* _ABOUT THIS EXERCISE_: Please set down exactly the lines from the one containing "Traditional Tattoo Art" through the last line of the records below, both included, with no pictures.
==== MATERIAL FOR THE TASK
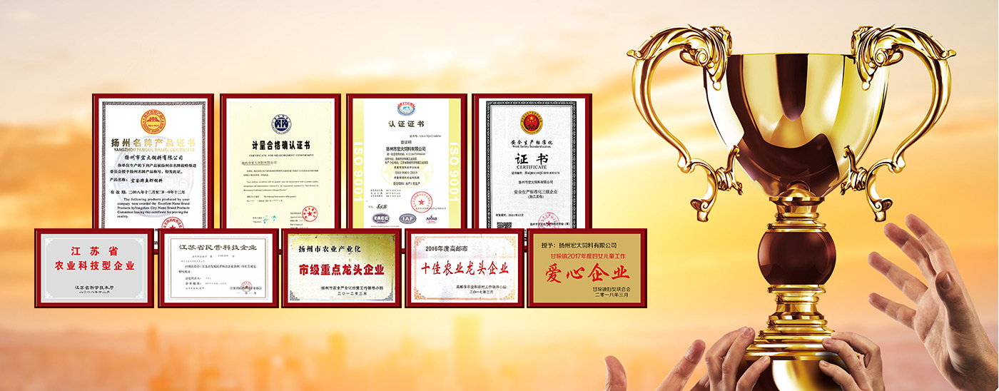 先后榮獲江蘇省飼料質(zhì)量合格產(chǎn)品、江蘇省名牌產(chǎn)品、揚(yáng)州市消費(fèi)者滿意商品、揚(yáng)州市質(zhì)量計量信得過產(chǎn)品等稱號。
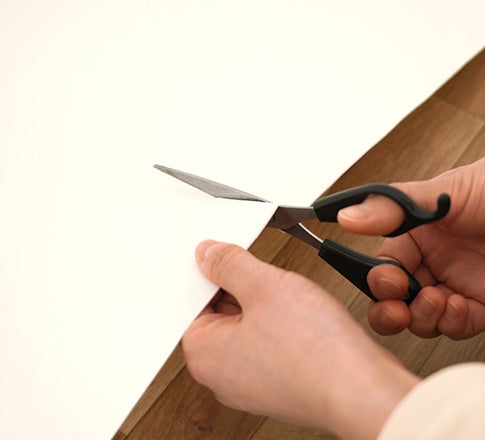 一般的なクッションフロアよりも薄い、約1.2mmの厚み。やわらかい素材なのではさみでのカットや微調整がしやすく、トイレの床施工にも最適です。
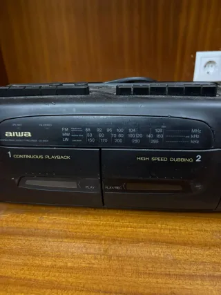 Radiocasete Aiwa con reproductor de cassette y radio. - Diseño portátil con asa. - Sintonizador de radio AM/FM. - Doble pletina de cassette. - Función Continuous Playback.
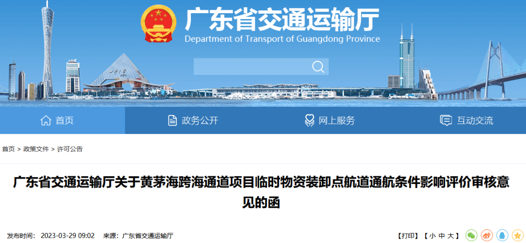 近日,廣東省交通運輸廳發布《關于黃茅海跨海通道項目臨時物資裝卸點航道通航條件影響評價審核意見的函》(以下簡稱《審核意見》)。
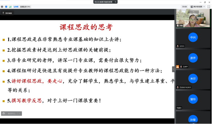 通过此次会议,公司教师分享交流了课程思政建设的经验,学习了兄弟院校的宝贵经验,并积极参与到生物科学专业课程思政建设中,推动了公司生物专业课程思政教学质量的提升。
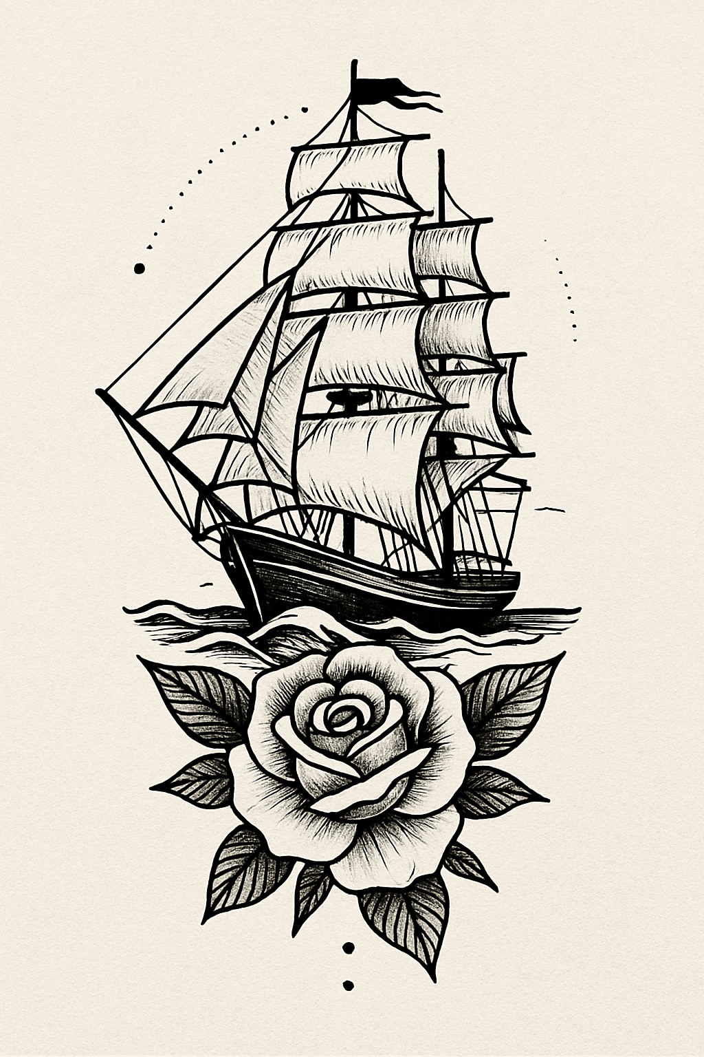 Traditional Tattoo Art Featuring a Sailing Ship and Roses
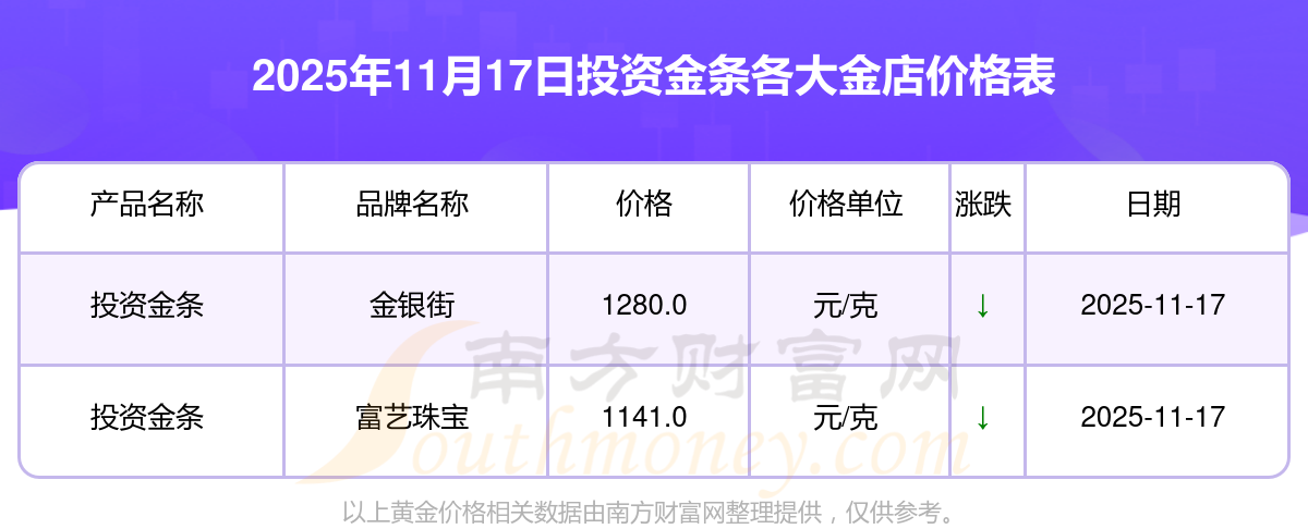 2025年11月17日各金店投资金条价格查询_今日投资金条价格最新参考来了,随小编来看看。
========
* _SOLUTION TO THE EXERCISE_:
 Traditional Tattoo Art Featuring a Sailing Ship and Roses
 2025年11月17日各金店投资金条价格查询_今日投资金条价格最新参考来了,随小编来看看。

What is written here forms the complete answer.